[TASK OBJECTIVE]
Retype, word for word, each line between the lines holding "在伊之密的全球布局地图上,清晰标注着其 5 个全球创新平台、12" and "Nếu là A em", inclusive, and leave the rest of the data alone.

[AVAILABLE DATA]
# # # #

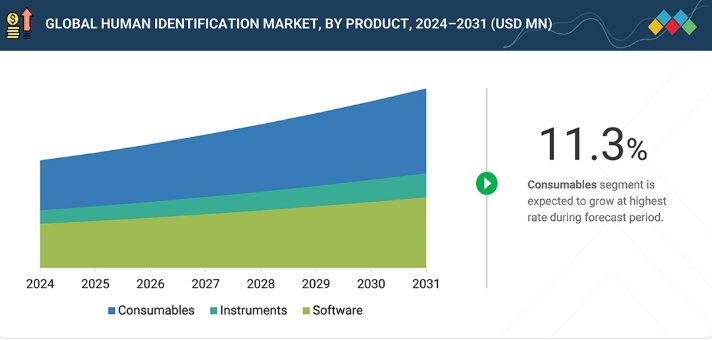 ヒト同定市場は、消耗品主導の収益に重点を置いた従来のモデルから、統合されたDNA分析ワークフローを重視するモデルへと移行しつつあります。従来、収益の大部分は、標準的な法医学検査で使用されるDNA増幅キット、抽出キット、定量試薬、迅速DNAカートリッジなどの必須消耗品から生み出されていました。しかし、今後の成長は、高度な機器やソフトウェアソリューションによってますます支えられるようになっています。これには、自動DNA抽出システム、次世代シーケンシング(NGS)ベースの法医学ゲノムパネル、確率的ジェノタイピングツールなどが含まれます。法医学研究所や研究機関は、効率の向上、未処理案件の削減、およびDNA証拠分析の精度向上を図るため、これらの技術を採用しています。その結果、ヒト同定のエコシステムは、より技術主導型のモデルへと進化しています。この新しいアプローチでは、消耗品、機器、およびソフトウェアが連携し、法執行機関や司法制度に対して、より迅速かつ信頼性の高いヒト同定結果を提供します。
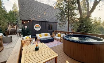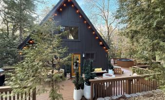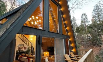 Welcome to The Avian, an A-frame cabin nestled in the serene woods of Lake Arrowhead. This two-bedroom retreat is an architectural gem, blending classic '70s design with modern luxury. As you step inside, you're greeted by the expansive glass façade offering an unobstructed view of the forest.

# # # #

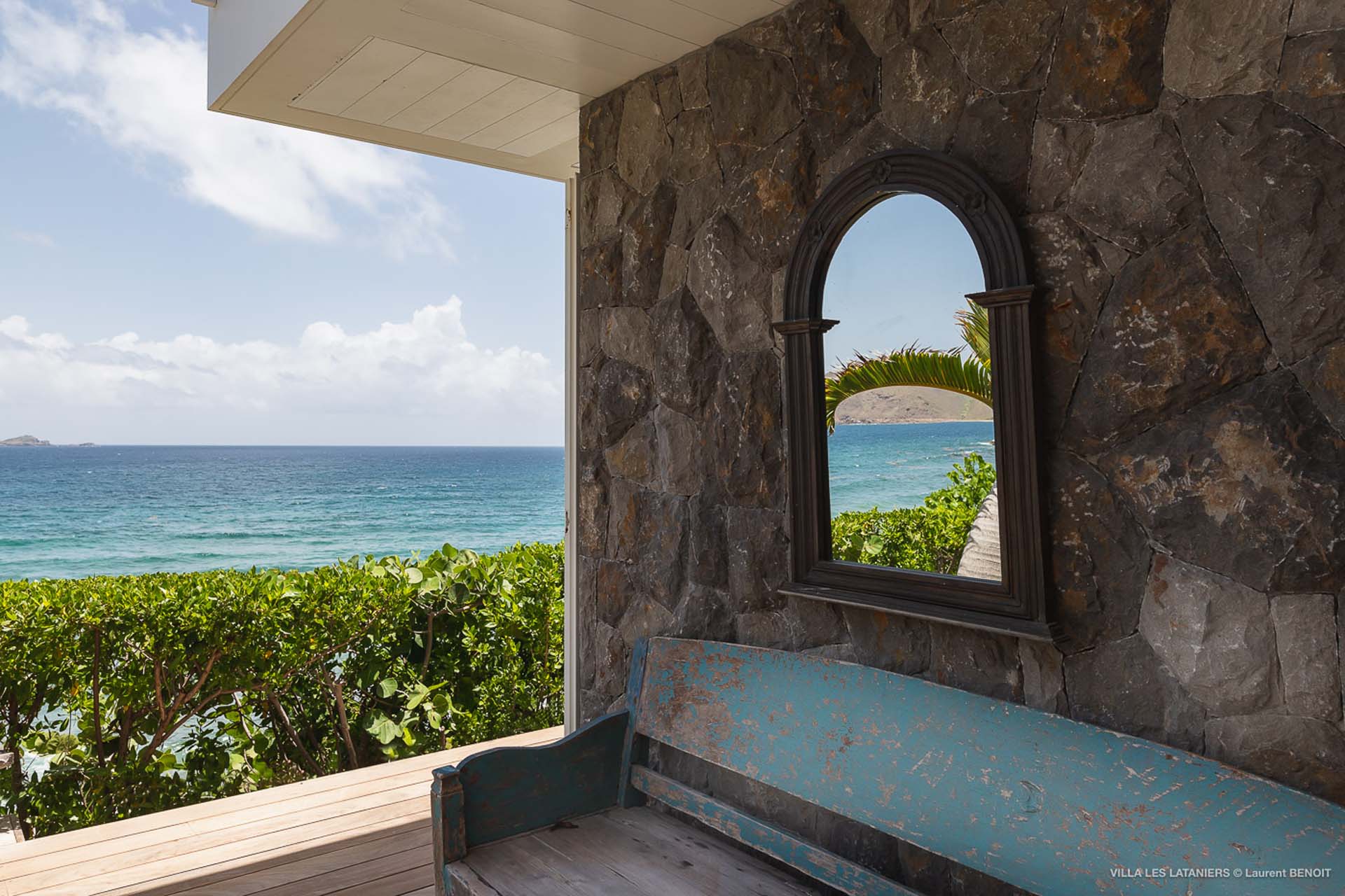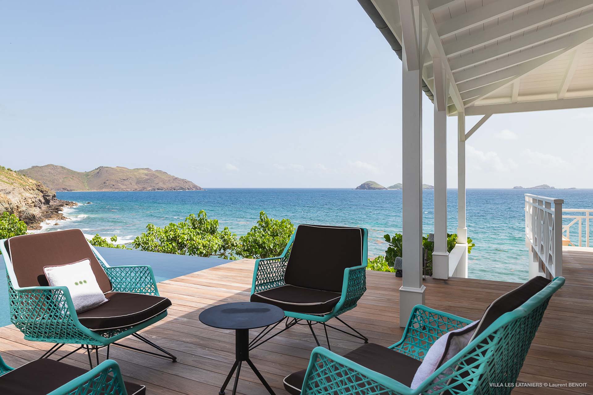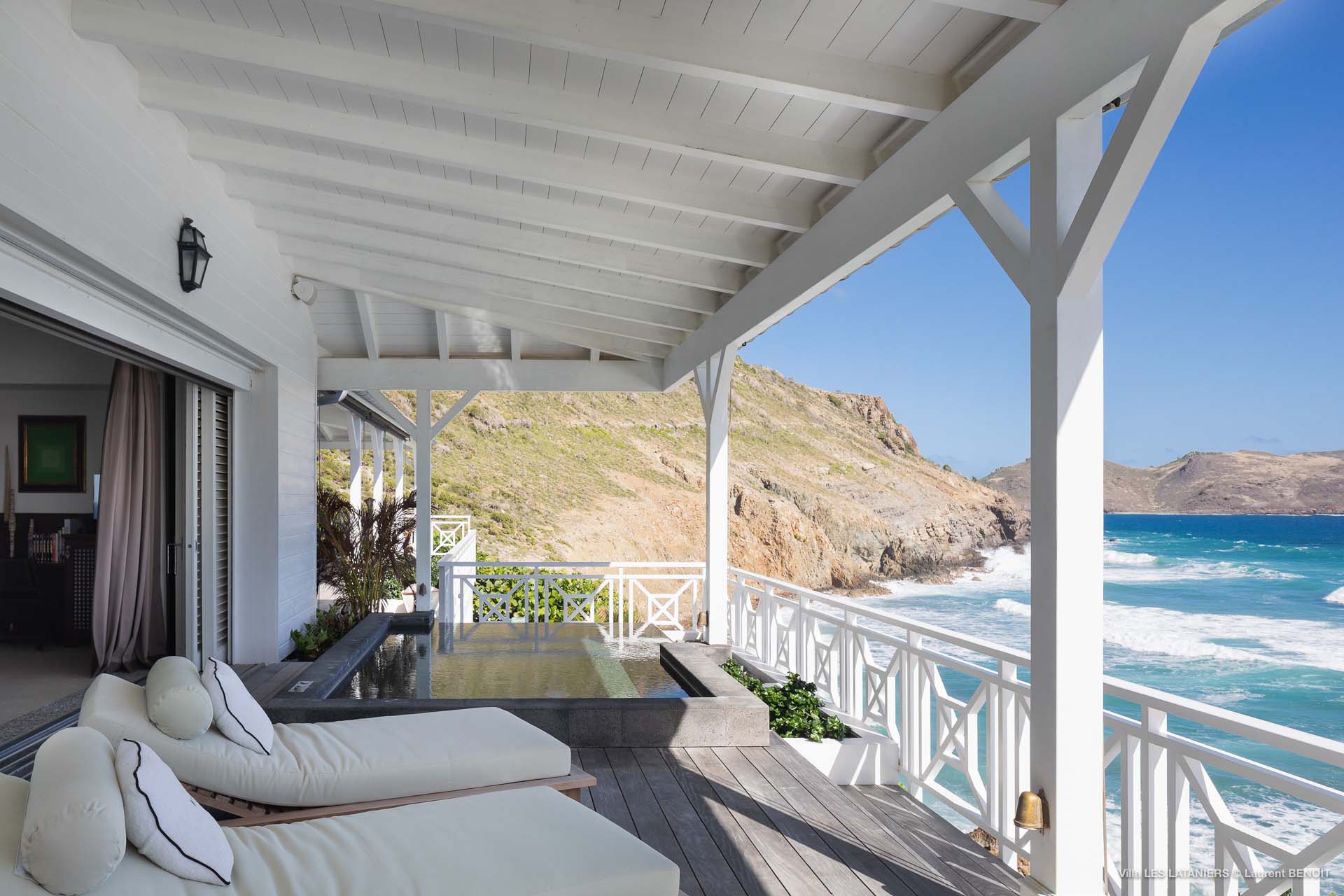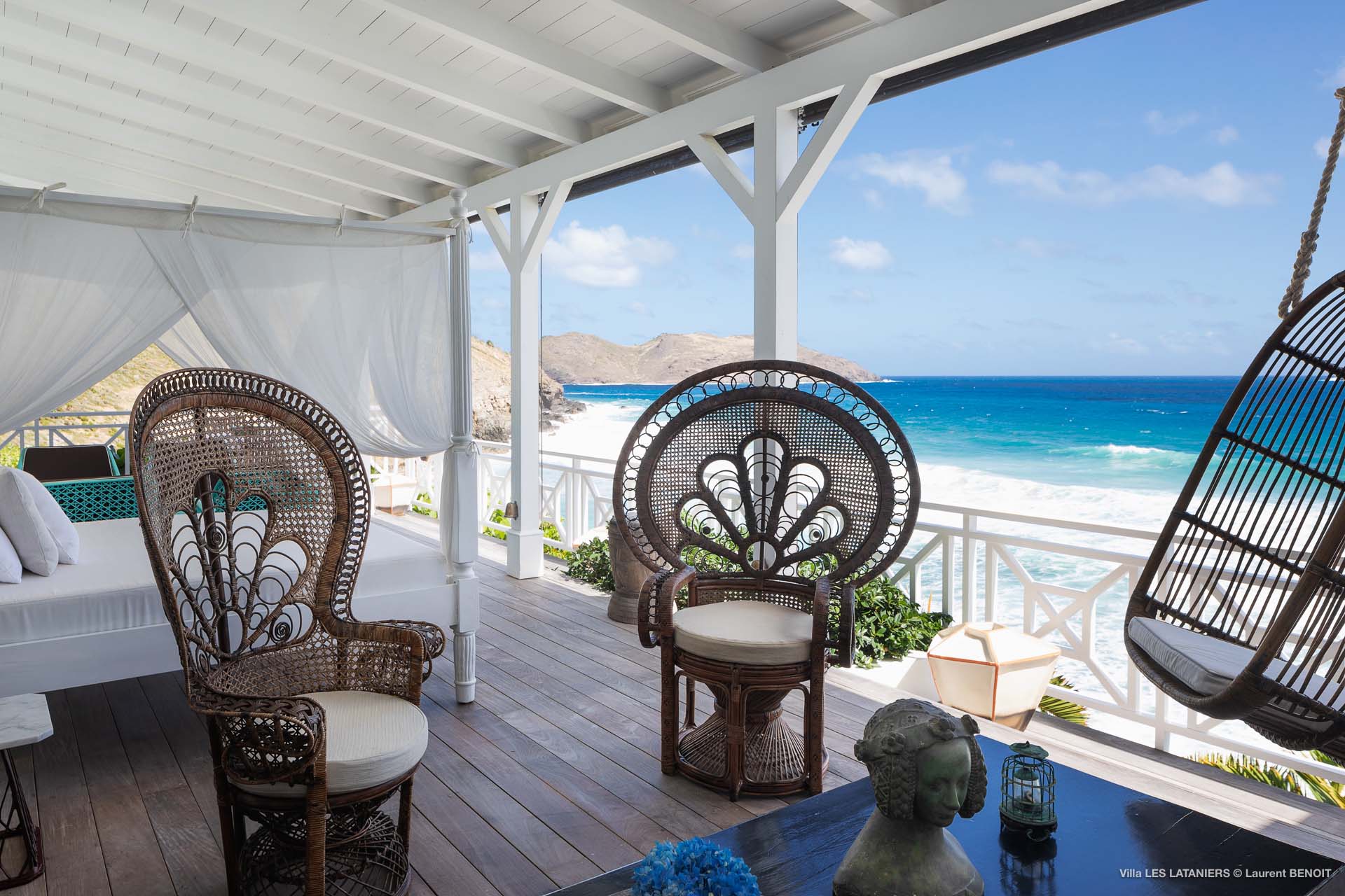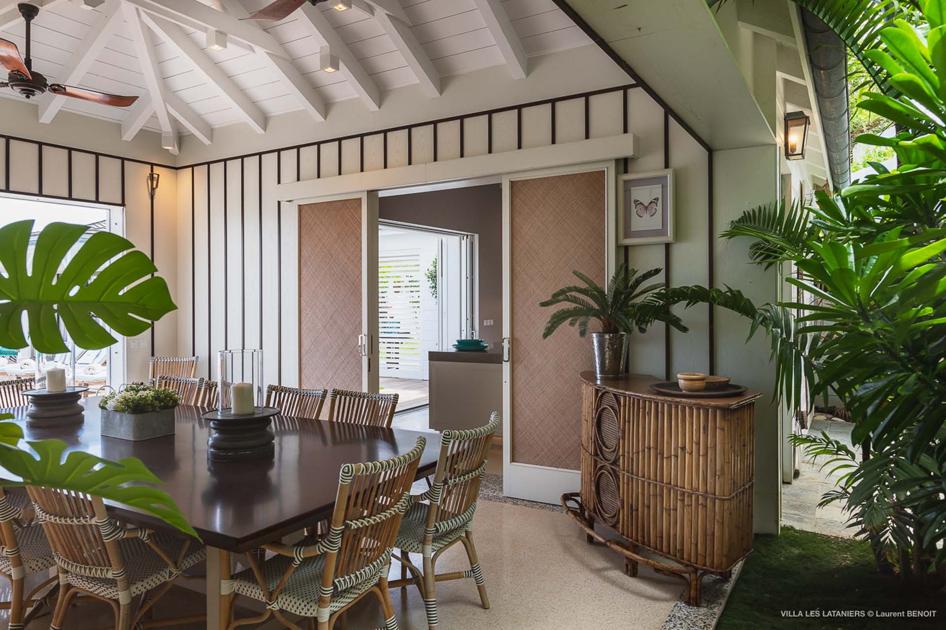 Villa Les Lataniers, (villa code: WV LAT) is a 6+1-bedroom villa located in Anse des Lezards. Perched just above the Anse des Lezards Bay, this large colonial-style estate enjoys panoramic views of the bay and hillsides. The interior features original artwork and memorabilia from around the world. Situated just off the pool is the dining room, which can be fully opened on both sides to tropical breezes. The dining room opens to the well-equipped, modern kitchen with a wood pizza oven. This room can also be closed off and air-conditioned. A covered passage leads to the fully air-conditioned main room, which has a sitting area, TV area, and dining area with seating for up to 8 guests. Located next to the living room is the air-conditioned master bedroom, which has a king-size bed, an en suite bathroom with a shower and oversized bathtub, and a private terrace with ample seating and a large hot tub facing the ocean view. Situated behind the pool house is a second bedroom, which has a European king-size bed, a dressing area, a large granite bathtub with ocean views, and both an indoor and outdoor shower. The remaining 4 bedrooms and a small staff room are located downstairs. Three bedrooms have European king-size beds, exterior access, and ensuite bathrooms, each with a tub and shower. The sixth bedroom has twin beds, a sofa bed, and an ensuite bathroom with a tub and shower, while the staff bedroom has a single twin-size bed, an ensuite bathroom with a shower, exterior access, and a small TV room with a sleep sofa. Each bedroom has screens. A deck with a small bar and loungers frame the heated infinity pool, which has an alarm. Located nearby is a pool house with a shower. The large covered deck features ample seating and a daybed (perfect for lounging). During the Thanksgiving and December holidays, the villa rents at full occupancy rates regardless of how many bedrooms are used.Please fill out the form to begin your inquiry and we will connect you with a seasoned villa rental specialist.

# # # #

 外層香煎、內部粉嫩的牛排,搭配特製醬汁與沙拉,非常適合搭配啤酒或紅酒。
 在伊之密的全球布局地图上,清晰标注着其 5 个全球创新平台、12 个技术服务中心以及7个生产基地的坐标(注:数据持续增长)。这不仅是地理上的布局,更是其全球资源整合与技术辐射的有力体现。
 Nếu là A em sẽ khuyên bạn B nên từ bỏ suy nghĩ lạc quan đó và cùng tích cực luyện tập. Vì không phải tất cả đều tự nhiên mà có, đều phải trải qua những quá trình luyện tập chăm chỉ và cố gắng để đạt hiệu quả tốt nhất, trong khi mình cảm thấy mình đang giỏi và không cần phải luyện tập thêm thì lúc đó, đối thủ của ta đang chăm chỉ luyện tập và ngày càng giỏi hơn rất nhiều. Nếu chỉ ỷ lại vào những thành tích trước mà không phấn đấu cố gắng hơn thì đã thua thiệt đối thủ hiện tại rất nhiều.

# # # #

[RESULT FOR THIS TASK]
 在伊之密的全球布局地图上,清晰标注着其 5 个全球创新平台、12 个技术服务中心以及7个生产基地的坐标(注:数据持续增长)。这不仅是地理上的布局,更是其全球资源整合与技术辐射的有力体现。
 Nếu là A em sẽ khuyên bạn B nên từ bỏ suy nghĩ lạc quan đó và cùng tích cực luyện tập. Vì không phải tất cả đều tự nhiên mà có, đều phải trải qua những quá trình luyện tập chăm chỉ và cố gắng để đạt hiệu quả tốt nhất, trong khi mình cảm thấy mình đang giỏi và không cần phải luyện tập thêm thì lúc đó, đối thủ của ta đang chăm chỉ luyện tập và ngày càng giỏi hơn rất nhiều. Nếu chỉ ỷ lại vào những thành tích trước mà không phấn đấu cố gắng hơn thì đã thua thiệt đối thủ hiện tại rất nhiều.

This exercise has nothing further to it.